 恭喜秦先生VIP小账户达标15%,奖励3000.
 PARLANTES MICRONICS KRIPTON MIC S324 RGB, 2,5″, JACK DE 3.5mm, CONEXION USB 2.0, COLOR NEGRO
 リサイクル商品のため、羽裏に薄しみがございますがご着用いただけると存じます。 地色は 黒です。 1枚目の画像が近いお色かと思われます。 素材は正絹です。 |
^^^^
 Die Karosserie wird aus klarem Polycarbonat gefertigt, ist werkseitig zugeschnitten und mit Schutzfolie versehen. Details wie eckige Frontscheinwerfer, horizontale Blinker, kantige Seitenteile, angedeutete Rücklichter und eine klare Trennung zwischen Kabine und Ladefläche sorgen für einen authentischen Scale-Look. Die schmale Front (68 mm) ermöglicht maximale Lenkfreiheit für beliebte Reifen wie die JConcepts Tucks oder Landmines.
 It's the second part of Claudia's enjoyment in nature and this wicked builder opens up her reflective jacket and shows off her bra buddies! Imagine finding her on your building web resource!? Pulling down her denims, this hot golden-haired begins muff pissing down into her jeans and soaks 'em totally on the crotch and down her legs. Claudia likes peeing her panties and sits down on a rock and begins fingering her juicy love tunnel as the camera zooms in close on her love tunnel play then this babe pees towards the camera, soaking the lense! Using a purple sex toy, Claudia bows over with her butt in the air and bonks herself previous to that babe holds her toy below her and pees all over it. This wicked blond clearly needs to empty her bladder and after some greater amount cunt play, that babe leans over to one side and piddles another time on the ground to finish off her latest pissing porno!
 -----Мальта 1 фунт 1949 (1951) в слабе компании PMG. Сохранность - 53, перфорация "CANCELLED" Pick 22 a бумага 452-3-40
^^^^
[EXERCISE]
Referring to the material above, set down exactly the lines between the line with "恭喜秦先生VIP小账户达标15%,奖励3000." and the line with "リサイクル商品のため、羽裏に薄しみがございますがご着用いただけると存じます。 地色は 黒です。", inclusive, and no other lines.

[ANSWER BOX]
 恭喜秦先生VIP小账户达标15%,奖励3000.
 PARLANTES MICRONICS KRIPTON MIC S324 RGB, 2,5″, JACK DE 3.5mm, CONEXION USB 2.0, COLOR NEGRO
 リサイクル商品のため、羽裏に薄しみがございますがご着用いただけると存じます。 地色は 黒です。 1枚目の画像が近いお色かと思われます。 素材は正絹です。 |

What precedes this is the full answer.